This week's view
On Friday evening, the CSRC made it clear for the first time that the vie structure is legalized, and vie structure enterprises that meet the compliance requirements can be listed abroad after filing.
On Friday, hope Education announced that 50 million yuan will acquire 100% equity of Shuanglin education. At the same time, hope education will loan 182 million yuan to Shuanglin education with a term of one year and an annual interest rate of 12%. The loan will be used to buy 400 mu of land and can be used to build a modern industrial college characterized by intelligent rail transit, Internet of things and large data in the future. Shuanglin education is mainly engaged in education consulting services. The net profit in the first 11 months of 2021 is - 1.55 million yuan, the book price is 48.4 million yuan, and the acquisition of Pb is about 0.97 times.
At present, We recommend two main lines: (1) Vocational Education: Shanghai Action Education Technology Co.Ltd(605098) , Jiangsu Chuanzhiboke Education Technology Co.Ltd(003032) ; (2) Higher education: at present, some higher education stocks 22pe have fallen below 10 times, mainly due to: 1) higher education companies are cautious about mergers and acquisitions, partly due to the current upside down valuation of the primary and secondary markets; 2) at present, most regions have not issued detailed rules for the selection of business and non business, and the market is worried about the policy risk of higher education stocks; 3) concerns about the future price increase and the ceiling of net interest rate. We believe that, On the one hand, the performance of higher education sector continues to be stable. On the other hand, the state accelerates the implementation of vocational undergraduate work, and private undergraduate schools are expected to benefit. They continue to recommend China Education Holdings, hope education, Gaoxin education group, Zhonghui education, China Science and technology training, etc.
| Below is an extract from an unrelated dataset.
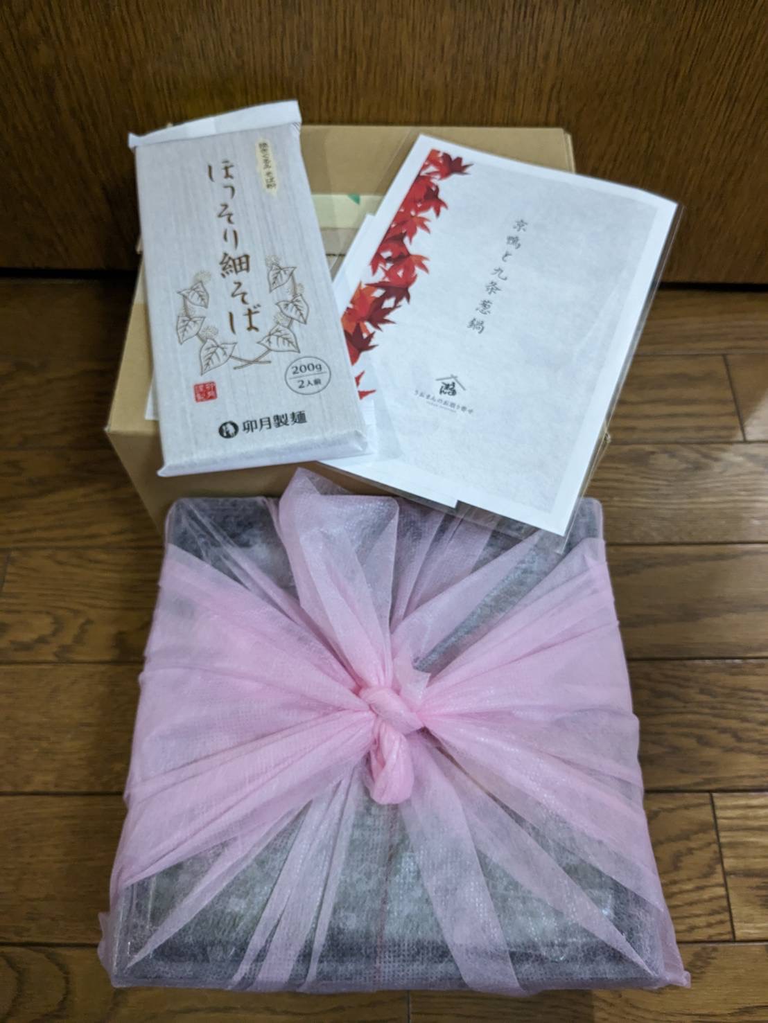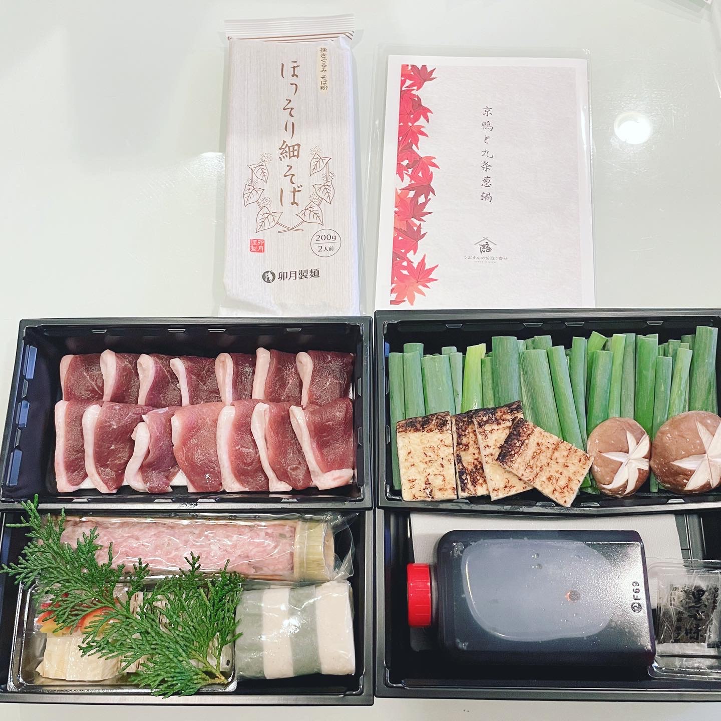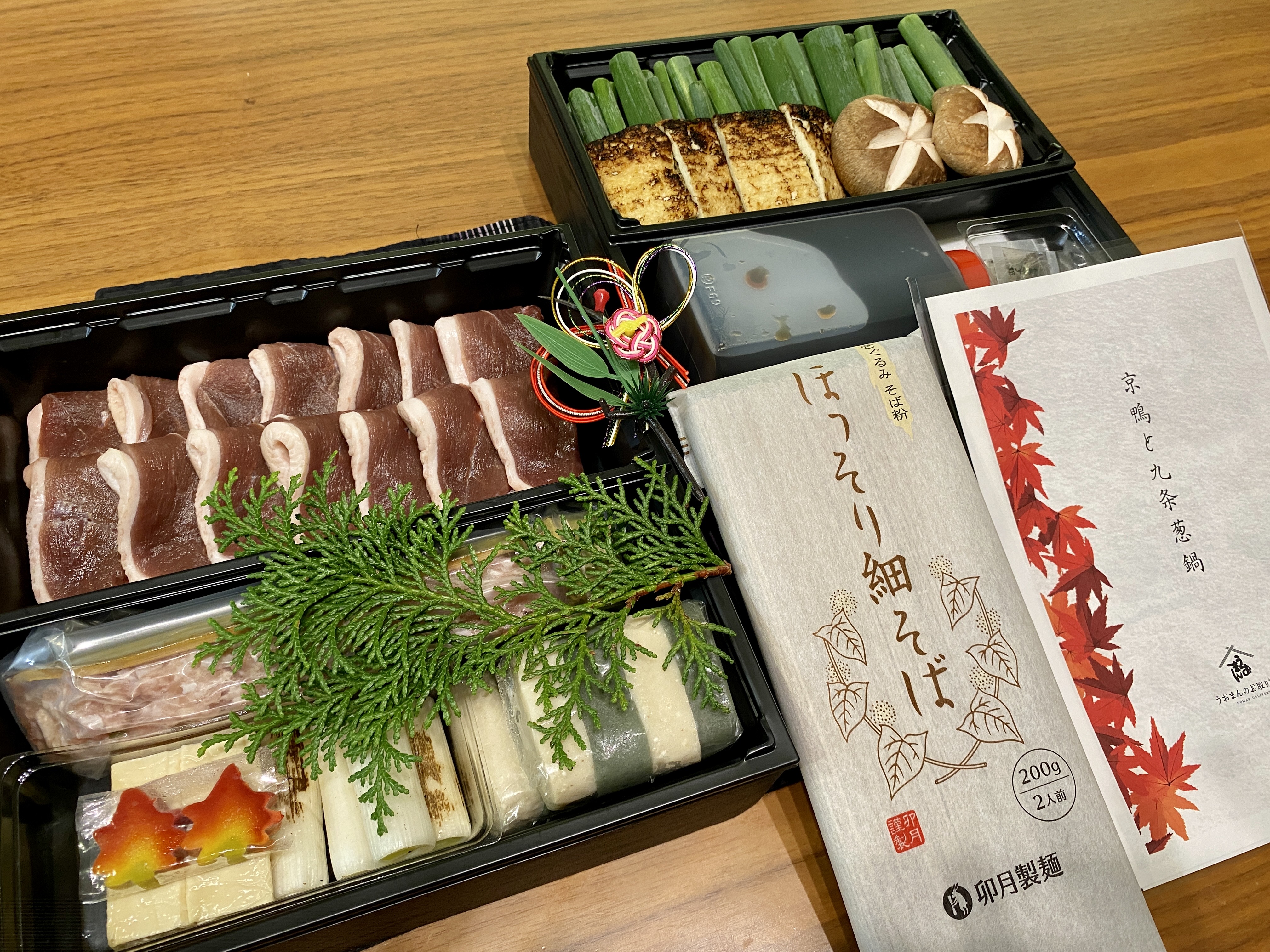 「鴨が葱を背負って来る」という「ことわざ」がある程、相性の良い食材が組み合さった「京鴨と九条葱鍋」です。京鴨ならではの上品な脂の旨味、京都九条葱のトロッとした食感が出会った極上の鍋です。その他、湯葉、あわ麩、よもぎ麩、紅葉麩、薄揚げなど出汁を吸って出汁の味を感じられる具材や、鴨のつくね、薬味、〆の蕎麦までセットになっているので、京都の旬の味が自宅で手軽に楽しめます。

Market review: underperformed the Shanghai Composite Index by 3.62%
This week, CITIC education index fell 3.27%, Shanghai index rose 0.35%, underperforming the market by 3.62%. So far in 2021, CITIC education index has fallen by 52.69%, Shanghai index has fallen by 9.62%, and underperformed the market by 43.07%.
Industry news
On December 21, the Ministry of Education held a press conference to introduce the implementation of the "double reduction" from both inside and outside the school. It was mentioned at the meeting that discipline training has been significantly reduced. At present, offline off campus training institutions have been reduced by 83.8% and online off campus training institutions have been reduced by 84.1%. Part of the remaining training institutions will be turned into non-profit institutions and the government guided price will be implemented; Those unsuitable for non transfer will be further cancelled. In the governance of after-school training institutions, the Ministry of education took the lead in establishing a special coordination mechanism for "double reduction" composed of 19 departments, including the national development and Reform Commission, the Ministry of public security, the Ministry of human resources and social security and the General Administration of market supervision; Issue supporting documents, such as clarifying specific requirements for training materials and personnel management, implementation of government guided prices, pre charge supervision, clean-up and rectification of listed companies, and strengthening sports training supervision; Tiktok, WeChat, nail and other platform enterprises are actively conducting clean-up work.
Risk statement
Uncertainty of epidemic impact: the progress of epidemic recovery has an impact on offline education. Risk of policy change in the education industry: the policy change in the education industry affects the enrollment and fees of K12, vocational education and higher education companies. The risk of enrollment not reaching the expected number: the weakening of terminal demand or the weakening of the enterprise's own advantages make enrollment difficult.